Scoping Out Shotgun Slug Accuracy

Shotgun shell with several shotgun slug and ball ammunition

For the past 50 years, I have always had some type of 12-gauge shotgun. My first shotgun was a 12-gauge Mossberg 500 pump.

My grandfather was hesitant to purchase this for me—I was 12 or so at the time—as he had used proven Winchester and Remington types.

However, I liked the looks of the Mossberg and the rest is history.

Today, I own and use several makes, but Mossberg shotguns are still on the front line.

Shotgun Loads

I began using field loads for hunting birds, rabbits and squirrels. I never fired buckshot until I became a peace officer.

While the few instances in which the shotgun was used by my agency were impressive, I did not give the shotgun slug much thought until I entered service in a mountain region.

Buckshot was fine for municipal agencies but practically worthless past 20 yards in standard service-grade shotguns. I began testing shotgun slugs.

I found most of the slugs available would group five shots into five inches at 50 yards with the Remington 870 issued by the agency.

That was OK for most uses. I also kept a .30-30 lever-action rifle in the trunk.

scoped Mossberg with a box of Fiocchi ammunition
The scoped Mossberg with rifled barrel provided excellent results with Fiocchi slugs.

Shotgun Slug Accuracy

Recently, I have become more interested in shotgun slug performance. There are many highly developed slugs and rifled-barrel shotguns.

I elected to test shotgun slugs in a rifled shotgun barrel and compare it to a standard shotgun barrel.

I had two goals. First, the test wasn’t fair as one of the shotguns featured an optical sight and the other a simple bead.

On the other hand, I did discover how useful a slug would be in a general use defensive shotgun, and also how accurate the slug could be in a rifled barrel.

I chose three proven slugs loads. Fiocchi’s Aero slug is a long-time favorite.

Here are the loads tested: Fiocchi 1 ounce, 1,150 fps slug, Fiocchi 7/8th ounce 1,300 fps slug, and the 1 ounce 1,560 fps blockbuster.

As may be expected, most of the work was done with the reduced recoil 1,150 fps load.

The test shotguns were a Mossberg 590 with a 20-inch barrel, my front-line shotgun, and a new acquisition, a Mossberg 500A with a rifled barrel and 3×9 scope.

There are a number of tips and concerns when testing rifle shotgun slug accuracy from a benchrest.

The shotgun rises in recoil, no question there. The forend must be stabilized against recoil.

Yet, there must be some give or the scope may be wrecked from pounding.

If you fire a group that is well centered and the following hits are high, then you are flinching and losing control of the shotgun. That is the hard part.

Fiocchi Shotgun shell for slugs on a orange target
Fiocchi slugs offer excellent accuracy potential.

Accuracy vs. Potential Accuracy

A three-shot group shows the accuracy of the shotgun and slug combination while a five-shot group reflects the shooter’s potential.

I began firing for accuracy with the Mossberg 590.

I fired the reduced-recoil slug at 25 yards.
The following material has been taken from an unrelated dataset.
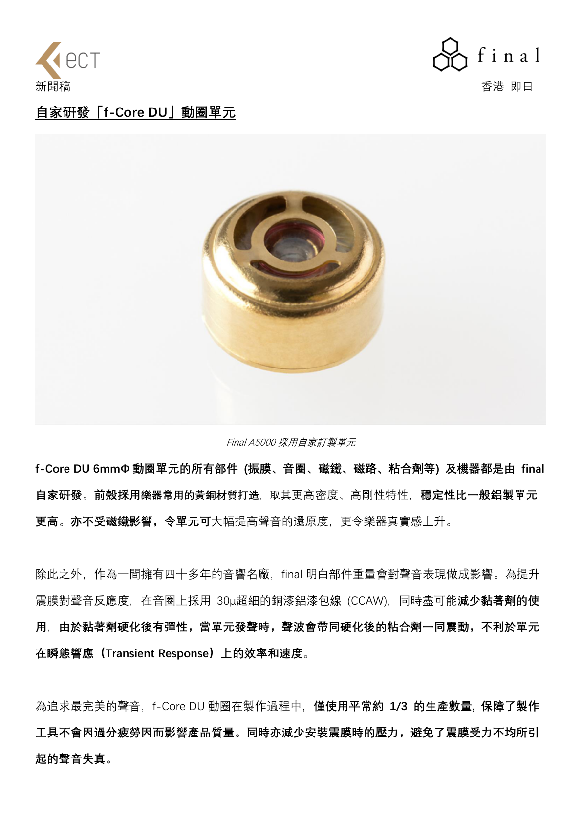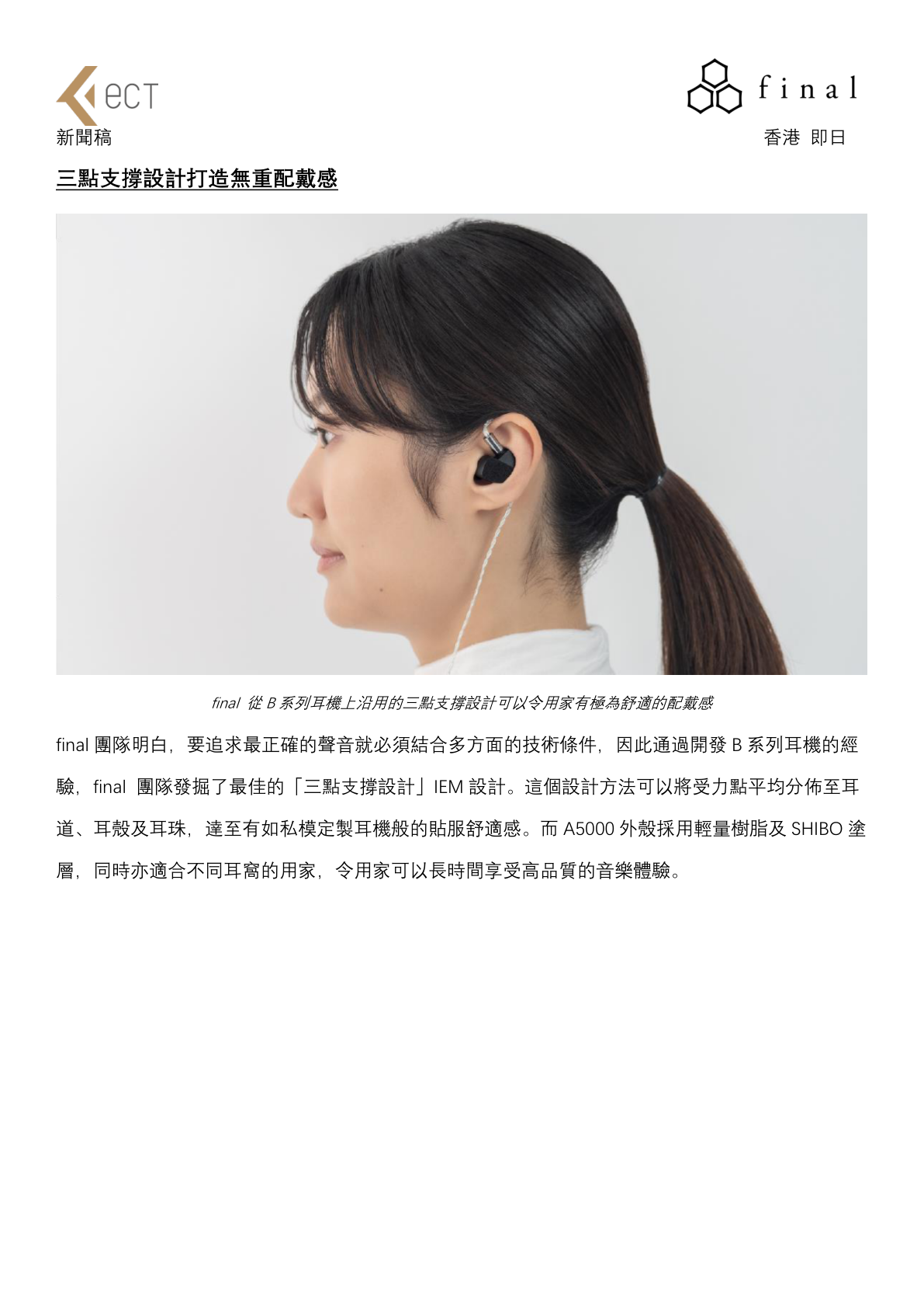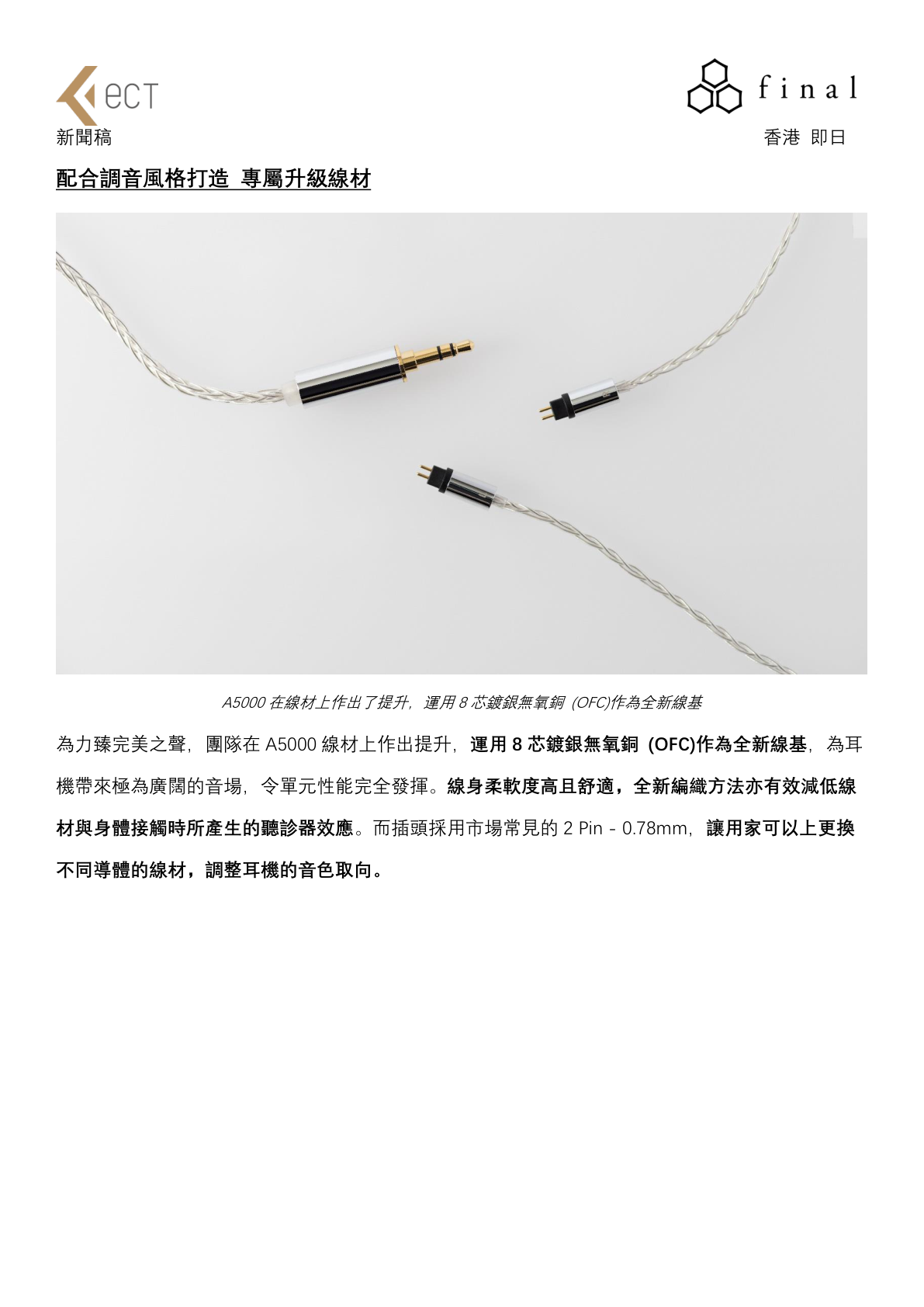 過去 final A 系列曾為一眾樂迷帶來極為驚豔的產品,有高性價比的 A3000、A4000 以及旗艦級A8000,通過每一款擁有不同聲音風格的耳機,致力從不同價位為樂迷打造完美的音樂享受。為了追求正常且完美的聲音,團隊在 2022 年尾從線材、機身質感上進行全面提升, 再次採用量產動圈單元打造具透明感及高細緻度的聽感體驗, 亦跟據 A5000 的調音配搭全新鍍銀無氧銅 (OFC)線材, 將單元聲音完全發揮, 令樂迷可以從一覽無遺的角度欣賞音樂。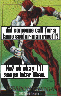 All images were taken from various non-sport cards, ranging from Marvel Universe 1992 to Marvel Masterpeice to the OverPower Card game. Also Morgan Thomson bought all of the cards so if it's illegal to edit pictures of them, he is compleatly unaware. So he'll plee ignorance.

A three-shot group of 1.4 inches was encouraging.

This is more than adequate for personal defense and a great choice for those ranges when buckshot has spread to the point that it is no longer effective.

Firing from a solid braced standing barricade at 50 yards with a bead front sight, the groups ran around five inches.

This shotgun slug isn’t difficult to manage and makes a fine choice for those situations in which increased penetration is desirable.

However, reduced-recoil slugs may print up to four inches below the point of aim, as they are not as speedy as full power loads and drop must be considered.

The 7/8-ounce 1,300 fps load was fired at 50 yards.

This load generated more thump and was closer to the point of aim. Groups were similar with this loading.

Next, I moved to the scoped Mossberg shotgun. This slick and nicely engraved Mossberg is an outdoors piece.

It is highly specialized and isn’t useful for anything, save firing slugs.

(Do not fire standard shot in a rifled barrel- the pattern if any will be like a doughnut and may even be dangerous to those to one side of the shotgun.)

I elected to skip the 25-yard testing and go straight to the 50-yard test.

Author shooting a shotgun from a bench rest position
The author practicing the proper bench rest firing position for slug guns. This demands concentration and a strong shoulder!

Testing Slug Accuracy

I had previously sighted the shotgun in for the reduced-recoil slug, so this wasn’t an impediment in the testing.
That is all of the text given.